Сейчас же после обеда все разошлись. Шура ушла в свою комнату. Мария Петровна в спальню. Андрей Павлович писал и щелкал на счетах в кабинете. Костя сел со своей книгой к столу в гостиной, за которым мисс Нелли вязала. Алексей долго ходил по темному, освещенному камином залу, насвистывая из Фра-Диаволо.{242} Потом он постоял, прислонившись к косяку в дверях гостиной, кинул несколько шутливых слов мисс Нелли и пошел по коридору.
Костя слышал, как он постучал в дверь Шуры: «Можно?»
Только стучали спицы мисс Нелли, тикали часы и где-то хлопала оторванная ставня.
Наконец вышла заспанная Мария Петровна.
— Куда же все разбежались? — спросила она. — Пойдем, Костик, искать пропавших.
Костя пошел за ней. Сильно билось сердце, и ноги дрожали.

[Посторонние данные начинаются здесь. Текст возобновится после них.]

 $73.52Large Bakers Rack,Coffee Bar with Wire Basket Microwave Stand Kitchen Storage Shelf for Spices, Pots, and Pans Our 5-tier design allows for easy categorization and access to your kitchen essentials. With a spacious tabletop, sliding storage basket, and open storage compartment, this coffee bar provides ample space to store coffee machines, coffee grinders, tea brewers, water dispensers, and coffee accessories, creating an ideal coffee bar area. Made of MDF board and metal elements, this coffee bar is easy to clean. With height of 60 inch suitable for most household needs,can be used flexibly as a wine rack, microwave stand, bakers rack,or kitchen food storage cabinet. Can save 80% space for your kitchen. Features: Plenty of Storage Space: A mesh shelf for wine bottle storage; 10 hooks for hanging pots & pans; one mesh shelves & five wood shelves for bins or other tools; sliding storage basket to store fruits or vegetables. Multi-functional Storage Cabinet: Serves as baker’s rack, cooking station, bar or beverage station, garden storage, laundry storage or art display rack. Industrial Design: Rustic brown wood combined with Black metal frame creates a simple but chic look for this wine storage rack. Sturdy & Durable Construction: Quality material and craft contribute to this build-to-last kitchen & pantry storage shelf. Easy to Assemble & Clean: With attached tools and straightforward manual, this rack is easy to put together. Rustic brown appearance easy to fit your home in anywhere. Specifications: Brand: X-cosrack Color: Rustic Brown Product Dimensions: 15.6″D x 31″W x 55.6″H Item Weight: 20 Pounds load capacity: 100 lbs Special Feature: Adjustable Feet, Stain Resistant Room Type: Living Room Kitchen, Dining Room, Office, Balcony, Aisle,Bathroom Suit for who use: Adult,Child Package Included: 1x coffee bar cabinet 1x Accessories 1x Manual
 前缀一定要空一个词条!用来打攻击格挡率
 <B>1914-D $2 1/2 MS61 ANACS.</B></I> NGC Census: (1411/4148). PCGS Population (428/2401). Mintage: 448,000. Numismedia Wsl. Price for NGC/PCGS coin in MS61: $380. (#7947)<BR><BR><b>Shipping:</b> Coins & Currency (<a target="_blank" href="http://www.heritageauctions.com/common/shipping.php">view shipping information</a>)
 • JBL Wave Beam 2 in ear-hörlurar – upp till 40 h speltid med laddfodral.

— Шура! — закричала Мария Петровна. — Шура, куда ты забилась? — и, не дожидаясь ответа, открыла дверь.
Мария Петровна ничего не заметила. В комнате была полутемнота от густого розового колпака на лампе. Но зоркий и ревнивый взор Кости заметил и то, что слишком преувеличенно далеко, на разных концах дивана сидели Шура и Алексей, и то, что слишком быстро вскочила Шурочка и бросилась матери на шею, слишком весело заговорил Алексей.
— А мы здесь план обсуждаем, как рядиться.
— Ну, что ж, вот и отлично, — сказала Мария Петровна.
— Ты, Шурочка, Нимфой.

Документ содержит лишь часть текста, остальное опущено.